*Task brief*
What is needed is an exact copy of the records below, with the pictures left out.

BEGIN Extracted data

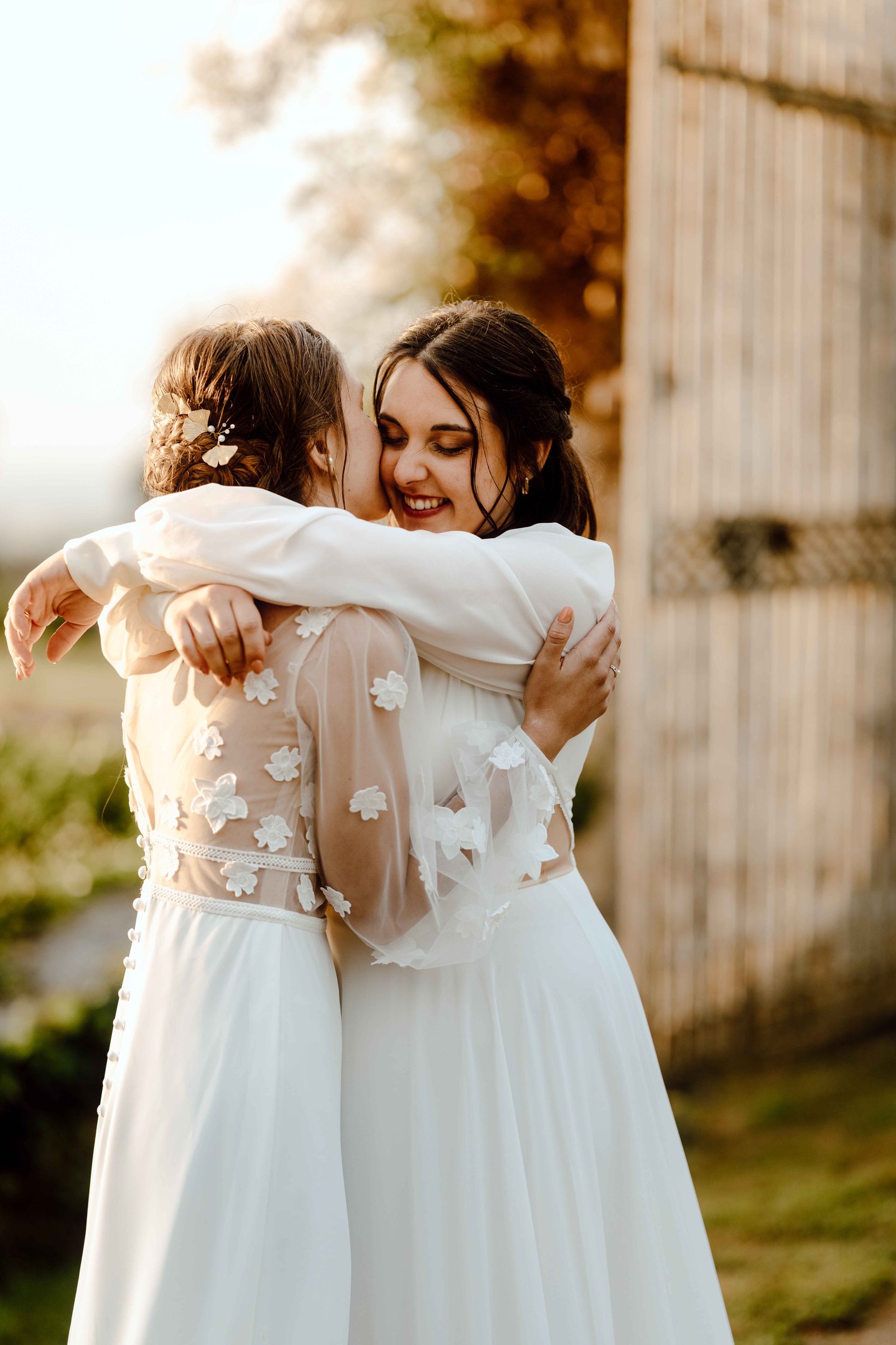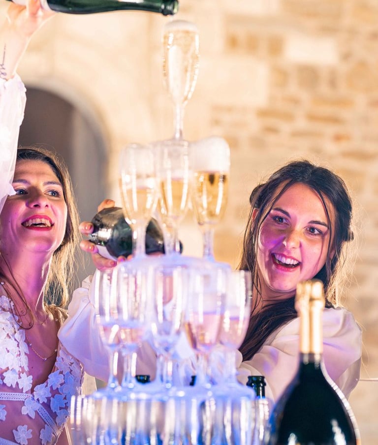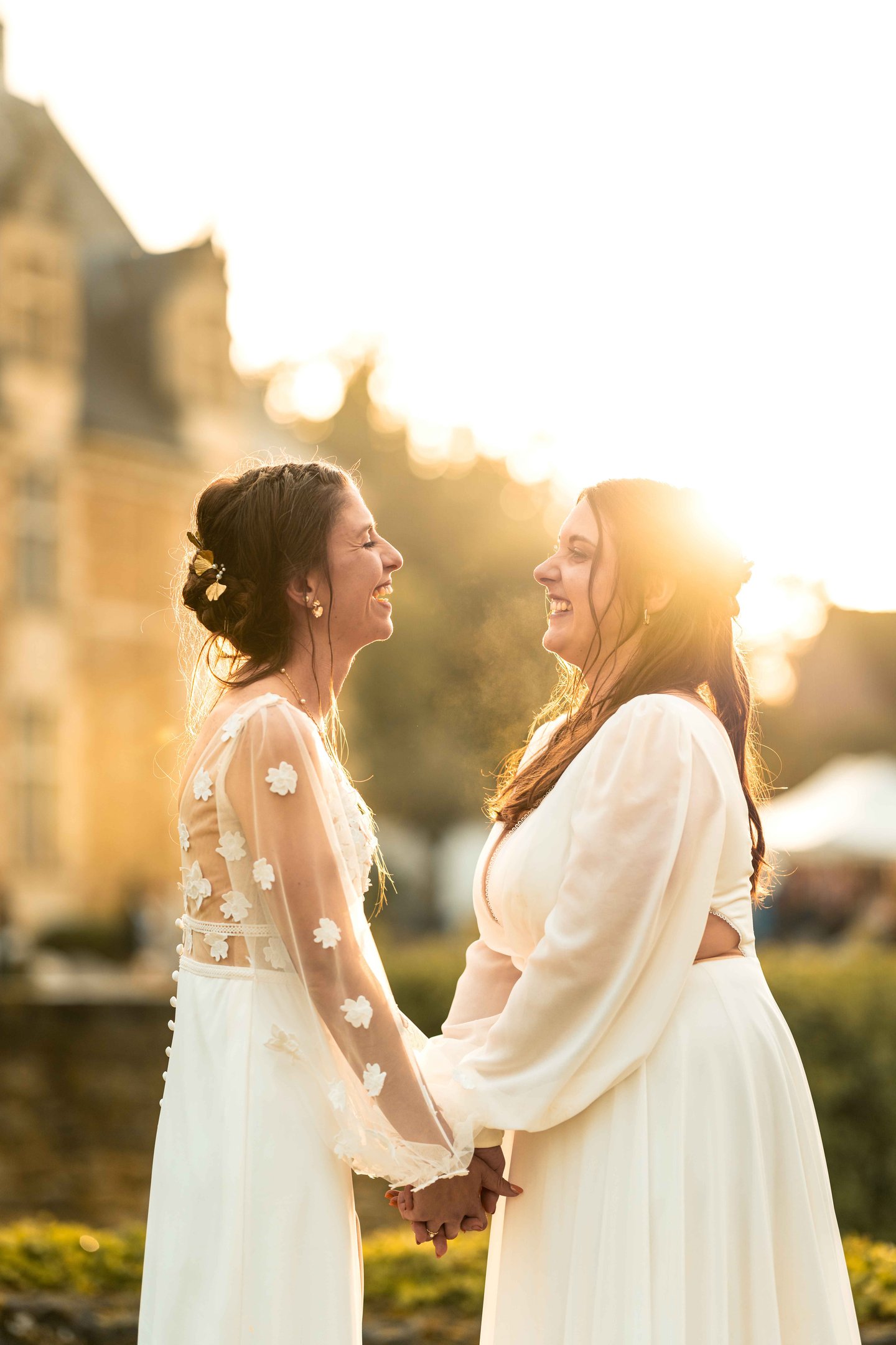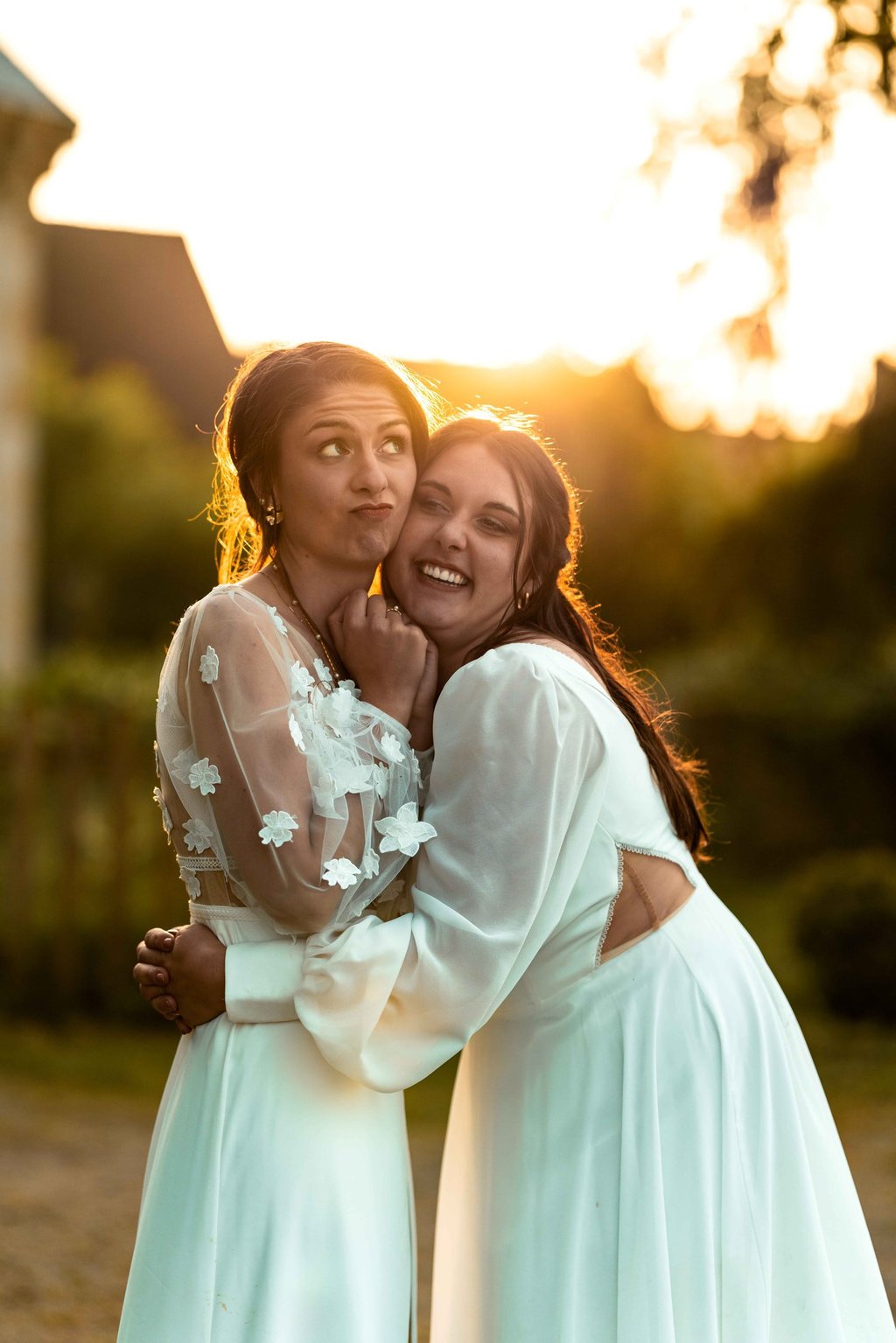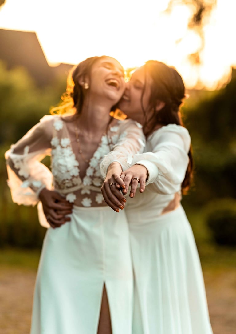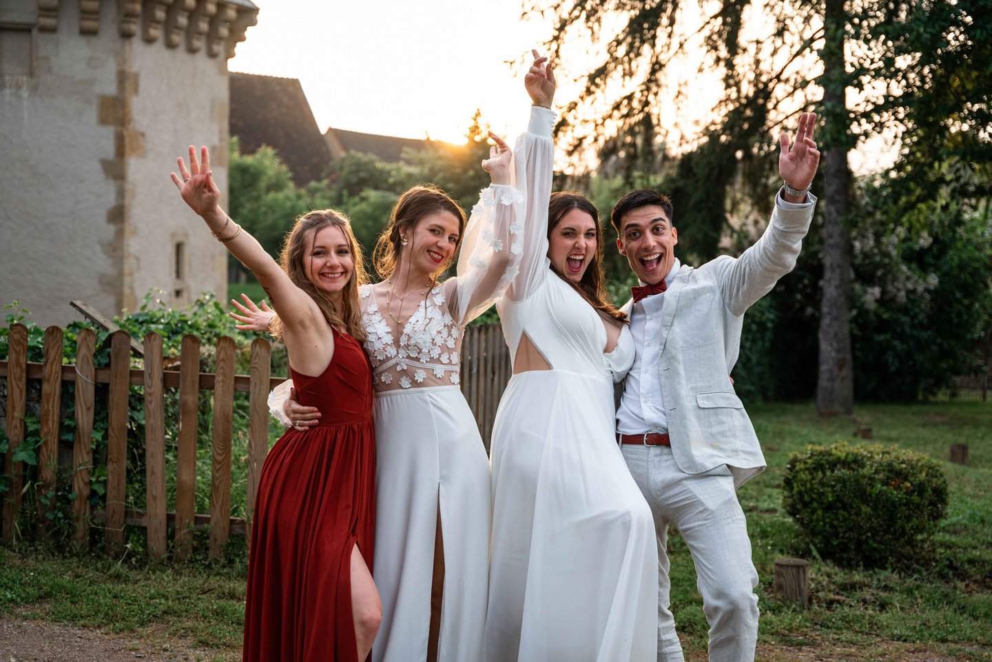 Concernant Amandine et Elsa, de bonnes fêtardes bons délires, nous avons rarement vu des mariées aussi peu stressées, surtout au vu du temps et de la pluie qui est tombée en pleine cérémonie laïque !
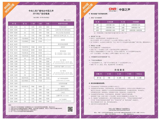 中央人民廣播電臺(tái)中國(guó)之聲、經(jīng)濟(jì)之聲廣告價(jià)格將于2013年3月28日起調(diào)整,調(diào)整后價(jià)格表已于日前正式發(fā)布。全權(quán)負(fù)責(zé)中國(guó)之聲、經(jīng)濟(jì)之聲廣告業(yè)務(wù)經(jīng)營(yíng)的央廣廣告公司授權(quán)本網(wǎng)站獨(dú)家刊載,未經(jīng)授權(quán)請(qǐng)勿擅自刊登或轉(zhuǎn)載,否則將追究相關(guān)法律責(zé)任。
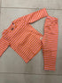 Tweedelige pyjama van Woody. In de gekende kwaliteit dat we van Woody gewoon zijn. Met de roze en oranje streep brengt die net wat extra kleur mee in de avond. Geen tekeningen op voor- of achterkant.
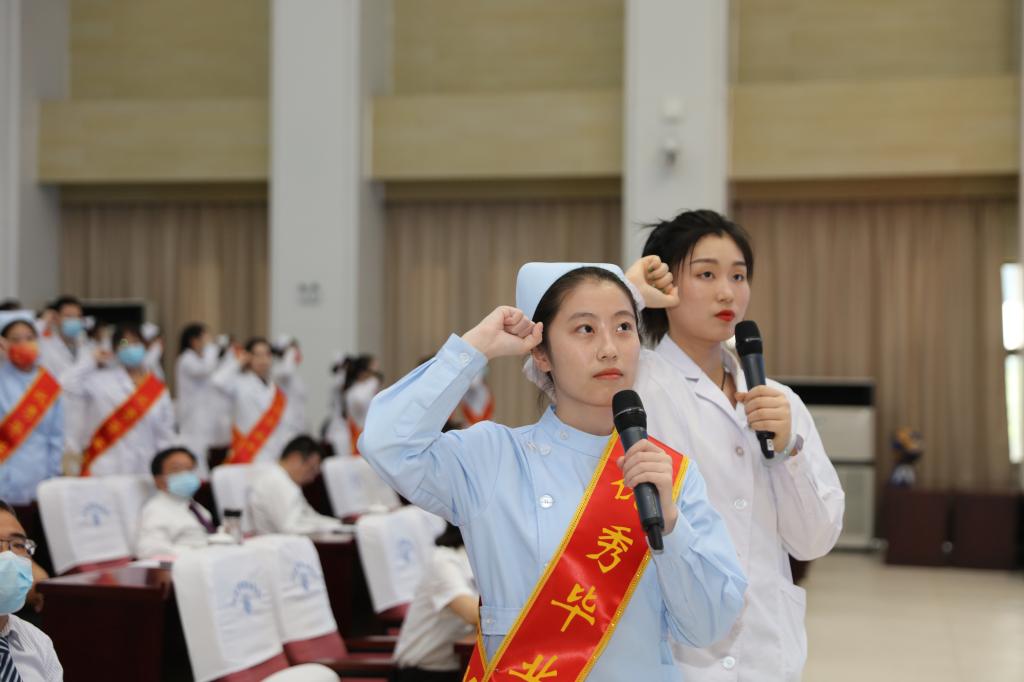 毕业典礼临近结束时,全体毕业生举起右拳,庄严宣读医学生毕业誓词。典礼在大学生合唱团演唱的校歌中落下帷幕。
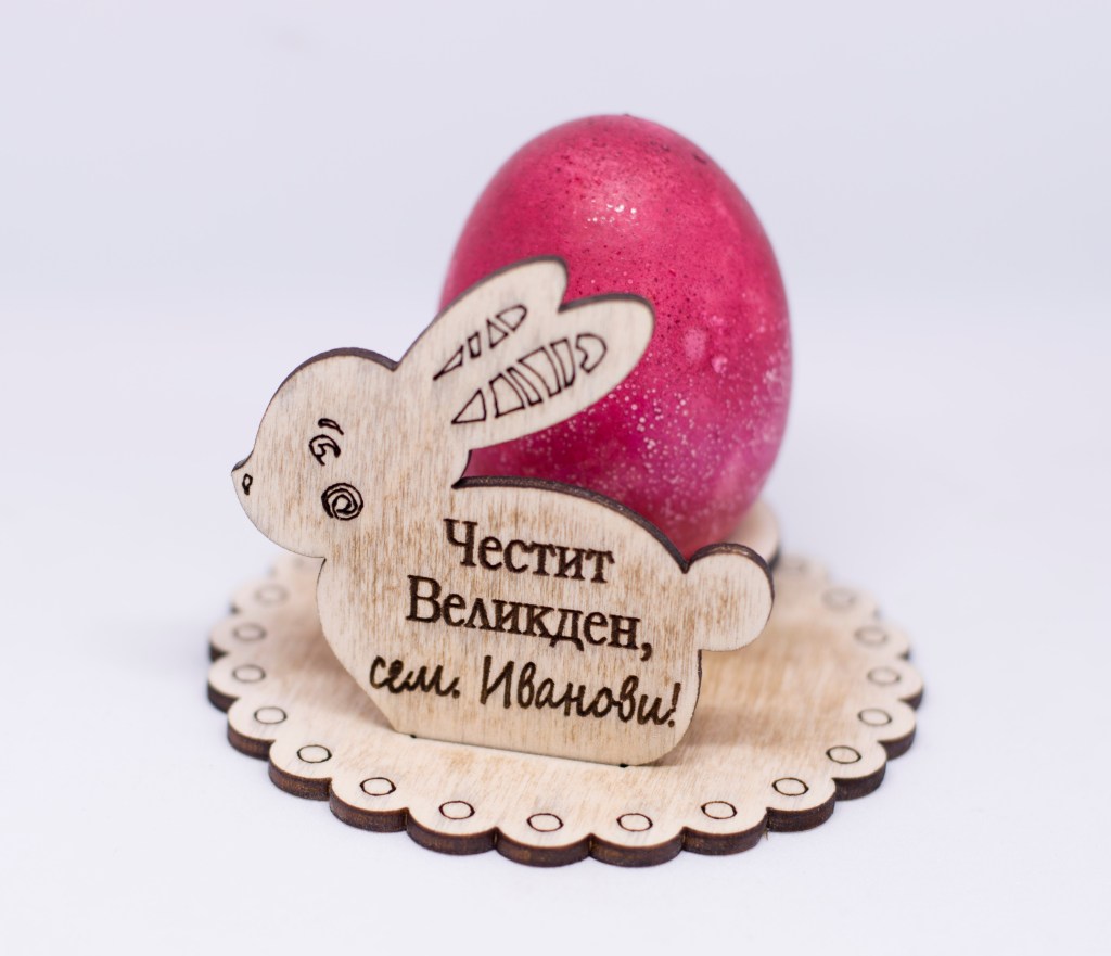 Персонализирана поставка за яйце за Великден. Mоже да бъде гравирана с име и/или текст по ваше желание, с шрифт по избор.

END Extracted data

*Problem solution*
 Concernant Amandine et Elsa, de bonnes fêtardes bons délires, nous avons rarement vu des mariées aussi peu stressées, surtout au vu du temps et de la pluie qui est tombée en pleine cérémonie laïque !
 中央人民廣播電臺(tái)中國(guó)之聲、經(jīng)濟(jì)之聲廣告價(jià)格將于2013年3月28日起調(diào)整,調(diào)整后價(jià)格表已于日前正式發(fā)布。全權(quán)負(fù)責(zé)中國(guó)之聲、經(jīng)濟(jì)之聲廣告業(yè)務(wù)經(jīng)營(yíng)的央廣廣告公司授權(quán)本網(wǎng)站獨(dú)家刊載,未經(jīng)授權(quán)請(qǐng)勿擅自刊登或轉(zhuǎn)載,否則將追究相關(guān)法律責(zé)任。
 Tweedelige pyjama van Woody. In de gekende kwaliteit dat we van Woody gewoon zijn. Met de roze en oranje streep brengt die net wat extra kleur mee in de avond. Geen tekeningen op voor- of achterkant.
 毕业典礼临近结束时,全体毕业生举起右拳,庄严宣读医学生毕业誓词。典礼在大学生合唱团演唱的校歌中落下帷幕。
 Персонализирана поставка за яйце за Великден. Mоже да бъде гравирана с име и/или текст по ваше желание, с шрифт по избор.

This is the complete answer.